Missed tests and assignments will be graded as 0 (zero).
Grades will be rounded to the nearest whole number. Any curve applied to the scores will only improve your grade. (if the grades range from 92-100 then everyone gets an ``A'', but the next test may be harder).
If Georgia State University is closed (for example due to a weather emergency), test dates and assignment due dates will be re-scheduled on the next class day. In this case information will be posted on my web site.
Plagiarism: All work submitted for grading must be the students own. Plagiarism will result in a score of 0 (zero) for the work or dismissal from the course and notification of the Dean of Students. Do not allow others to copy your work as all students will receive 0 (zero). The determination of plagiarism or copying will be done using the professional judgment of the instructor. In order to minimize the possibility of plagiarism during an exam, I reserve the right to assign seating for exams.
Homework: Suggested exercises will be given in class. These will re-enforce the lectures and be similar to test problems. Performing them will help you get a good grade. In general, to succeed in computer science, you will need to ``keep current'' by self-directed study.

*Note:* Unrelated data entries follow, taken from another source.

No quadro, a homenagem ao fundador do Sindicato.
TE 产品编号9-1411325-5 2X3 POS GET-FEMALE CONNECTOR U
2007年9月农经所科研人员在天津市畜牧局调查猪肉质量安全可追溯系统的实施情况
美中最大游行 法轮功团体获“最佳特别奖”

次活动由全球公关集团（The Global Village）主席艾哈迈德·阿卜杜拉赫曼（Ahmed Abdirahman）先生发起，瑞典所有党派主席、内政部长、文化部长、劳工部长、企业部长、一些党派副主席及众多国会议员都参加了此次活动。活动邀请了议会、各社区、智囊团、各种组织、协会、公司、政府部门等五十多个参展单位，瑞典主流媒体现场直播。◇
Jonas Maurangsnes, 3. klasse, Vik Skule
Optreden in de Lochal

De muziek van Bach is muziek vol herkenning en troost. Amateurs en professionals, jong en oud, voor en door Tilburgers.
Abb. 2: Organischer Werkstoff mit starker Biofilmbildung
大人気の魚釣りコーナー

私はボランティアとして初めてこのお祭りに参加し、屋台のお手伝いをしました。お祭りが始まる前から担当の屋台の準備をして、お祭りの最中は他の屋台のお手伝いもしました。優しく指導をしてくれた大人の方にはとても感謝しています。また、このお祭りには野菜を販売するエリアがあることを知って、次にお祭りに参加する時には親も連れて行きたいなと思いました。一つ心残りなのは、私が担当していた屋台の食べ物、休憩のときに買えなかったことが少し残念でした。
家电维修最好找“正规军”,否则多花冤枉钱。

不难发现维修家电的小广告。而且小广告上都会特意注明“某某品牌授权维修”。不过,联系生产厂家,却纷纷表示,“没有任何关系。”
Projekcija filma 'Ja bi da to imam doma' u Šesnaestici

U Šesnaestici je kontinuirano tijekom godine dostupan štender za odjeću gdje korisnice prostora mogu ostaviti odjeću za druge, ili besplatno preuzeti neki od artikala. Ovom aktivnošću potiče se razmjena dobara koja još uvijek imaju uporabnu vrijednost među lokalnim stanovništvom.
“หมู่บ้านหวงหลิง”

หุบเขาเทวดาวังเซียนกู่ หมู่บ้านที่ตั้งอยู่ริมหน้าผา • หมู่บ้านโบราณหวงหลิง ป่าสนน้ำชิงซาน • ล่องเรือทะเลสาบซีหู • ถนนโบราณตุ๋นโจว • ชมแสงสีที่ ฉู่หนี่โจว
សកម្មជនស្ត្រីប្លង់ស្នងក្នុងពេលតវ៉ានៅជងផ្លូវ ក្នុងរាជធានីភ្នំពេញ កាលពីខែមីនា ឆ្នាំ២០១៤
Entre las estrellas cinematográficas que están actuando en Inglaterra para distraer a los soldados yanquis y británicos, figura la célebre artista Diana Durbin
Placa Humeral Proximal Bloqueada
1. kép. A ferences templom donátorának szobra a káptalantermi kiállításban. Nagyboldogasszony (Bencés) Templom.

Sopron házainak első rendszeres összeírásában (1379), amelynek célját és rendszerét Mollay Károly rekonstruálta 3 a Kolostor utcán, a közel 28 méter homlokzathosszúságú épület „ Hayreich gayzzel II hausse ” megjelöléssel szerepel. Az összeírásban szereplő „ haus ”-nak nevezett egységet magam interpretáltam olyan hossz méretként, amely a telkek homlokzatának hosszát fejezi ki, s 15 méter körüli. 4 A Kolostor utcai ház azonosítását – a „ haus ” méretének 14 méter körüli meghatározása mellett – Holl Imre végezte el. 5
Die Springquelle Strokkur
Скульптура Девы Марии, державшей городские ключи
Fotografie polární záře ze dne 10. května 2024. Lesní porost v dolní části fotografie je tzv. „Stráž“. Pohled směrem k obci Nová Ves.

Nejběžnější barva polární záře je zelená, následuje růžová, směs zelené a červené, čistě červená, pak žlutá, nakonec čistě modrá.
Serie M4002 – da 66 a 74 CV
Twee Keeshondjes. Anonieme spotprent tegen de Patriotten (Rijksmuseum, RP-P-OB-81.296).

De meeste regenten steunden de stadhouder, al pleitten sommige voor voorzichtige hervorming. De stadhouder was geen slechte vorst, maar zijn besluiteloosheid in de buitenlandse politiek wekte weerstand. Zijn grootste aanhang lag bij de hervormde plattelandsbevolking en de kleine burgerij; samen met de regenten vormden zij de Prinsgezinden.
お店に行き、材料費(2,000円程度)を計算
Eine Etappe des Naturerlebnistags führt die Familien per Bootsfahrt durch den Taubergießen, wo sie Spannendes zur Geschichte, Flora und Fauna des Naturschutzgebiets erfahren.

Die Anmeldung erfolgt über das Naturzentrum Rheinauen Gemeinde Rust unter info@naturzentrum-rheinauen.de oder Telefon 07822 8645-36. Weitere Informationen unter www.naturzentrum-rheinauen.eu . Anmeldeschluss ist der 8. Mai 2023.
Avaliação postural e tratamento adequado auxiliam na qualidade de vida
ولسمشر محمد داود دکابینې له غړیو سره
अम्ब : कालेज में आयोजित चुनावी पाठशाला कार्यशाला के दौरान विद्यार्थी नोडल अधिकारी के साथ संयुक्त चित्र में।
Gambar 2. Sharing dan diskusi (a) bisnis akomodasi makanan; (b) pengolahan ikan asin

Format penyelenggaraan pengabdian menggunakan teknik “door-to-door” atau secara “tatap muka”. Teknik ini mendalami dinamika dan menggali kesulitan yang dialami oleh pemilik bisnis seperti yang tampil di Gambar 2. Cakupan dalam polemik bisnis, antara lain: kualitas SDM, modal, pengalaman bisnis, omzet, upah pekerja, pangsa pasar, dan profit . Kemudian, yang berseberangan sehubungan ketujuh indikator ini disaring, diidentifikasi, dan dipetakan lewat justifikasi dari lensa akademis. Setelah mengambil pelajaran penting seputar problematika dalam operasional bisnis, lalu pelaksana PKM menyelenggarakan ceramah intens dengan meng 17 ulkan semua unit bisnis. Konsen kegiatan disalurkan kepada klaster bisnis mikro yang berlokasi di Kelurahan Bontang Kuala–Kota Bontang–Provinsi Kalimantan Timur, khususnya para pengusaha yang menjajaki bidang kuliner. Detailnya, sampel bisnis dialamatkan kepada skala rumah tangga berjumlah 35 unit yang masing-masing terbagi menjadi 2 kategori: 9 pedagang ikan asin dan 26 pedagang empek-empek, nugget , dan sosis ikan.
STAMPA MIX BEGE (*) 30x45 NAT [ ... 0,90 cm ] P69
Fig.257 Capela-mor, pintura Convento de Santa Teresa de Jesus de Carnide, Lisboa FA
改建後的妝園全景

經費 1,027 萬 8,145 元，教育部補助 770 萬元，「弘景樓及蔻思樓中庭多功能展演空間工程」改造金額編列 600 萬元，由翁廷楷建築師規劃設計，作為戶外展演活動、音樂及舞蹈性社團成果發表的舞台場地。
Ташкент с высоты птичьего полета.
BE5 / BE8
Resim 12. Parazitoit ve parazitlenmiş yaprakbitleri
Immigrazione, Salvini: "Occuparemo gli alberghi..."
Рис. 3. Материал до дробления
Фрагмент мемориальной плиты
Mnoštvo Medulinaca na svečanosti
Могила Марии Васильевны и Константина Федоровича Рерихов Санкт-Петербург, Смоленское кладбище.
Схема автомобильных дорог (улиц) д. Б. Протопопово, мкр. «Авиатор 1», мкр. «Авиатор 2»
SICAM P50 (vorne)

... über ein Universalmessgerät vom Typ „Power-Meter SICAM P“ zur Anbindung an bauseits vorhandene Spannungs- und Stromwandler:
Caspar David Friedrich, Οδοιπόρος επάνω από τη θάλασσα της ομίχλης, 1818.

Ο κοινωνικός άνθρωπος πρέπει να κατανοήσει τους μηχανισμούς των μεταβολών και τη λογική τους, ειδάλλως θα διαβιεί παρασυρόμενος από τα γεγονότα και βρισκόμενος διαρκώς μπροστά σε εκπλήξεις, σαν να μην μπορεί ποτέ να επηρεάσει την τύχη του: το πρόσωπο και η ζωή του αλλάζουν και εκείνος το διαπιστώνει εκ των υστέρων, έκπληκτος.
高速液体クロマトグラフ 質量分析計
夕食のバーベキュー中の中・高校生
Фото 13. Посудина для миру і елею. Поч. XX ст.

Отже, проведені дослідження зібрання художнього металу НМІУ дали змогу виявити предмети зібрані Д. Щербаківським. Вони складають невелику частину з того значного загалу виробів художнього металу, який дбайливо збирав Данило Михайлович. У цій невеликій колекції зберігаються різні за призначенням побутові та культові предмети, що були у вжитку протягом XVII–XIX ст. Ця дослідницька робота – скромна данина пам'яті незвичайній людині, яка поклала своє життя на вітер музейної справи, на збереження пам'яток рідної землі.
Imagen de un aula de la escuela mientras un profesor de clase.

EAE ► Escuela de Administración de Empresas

This is the time to get into that habit.
Assignments: Graded assignments can be thought of as open-book quizzes. If part of the answer is written in a book or paper, the student is responsible for copying out the section and supplying a reference. (i.e. you can copy published work, but you must cite it properly). Students are expected to supply the answers in their own words; a string of citations, however correct, will only receive partial credit.
Absence from Class: Students are responsible for the materials covered in class. Should a student be absent, it is their responsibility to get the notes and handouts from that lecture. Most importantly, if there is an assignment given on a missed class, it still must be handed in on the prescribed date. If there is a disaster, an accident, or an illness a makeup assignment can be scheduled provided 1) the instructor is notified promptly and in advance if possible of the reason, and 2) you supply an original letter addressed to me on letterhead from a physician, hospital or relevant authority and signed by the physician, hospital administrator, or relevant authority, stating why you could not complete the assignment.
Class Manners: You are here to learn computer science. Activities that interfere with learning are prohibited. I request that you turn off radios, cell phones and pagers during the class period and refrain from bringing food and drink to class. Quiet well-behaved visitors can be brought to class with my prior permission which must be obtained at least one day in advance. Don't bring pets. (See me if you have a medical condition that would not allow you to follow this syllabus). If you have to leave the class for some reason, please do so quietly and take all your belongings with you; please do not re-enter the class because that will be highly disturbing to the other students (and you are still responsible for what you missed).
Grading: Assignments and exams will be graded and returned in approximately one week. If it will take longer, I will notify you.
Note: This syllabus is a general plan for the course, and deviations from it may be necessary during the duration of the course.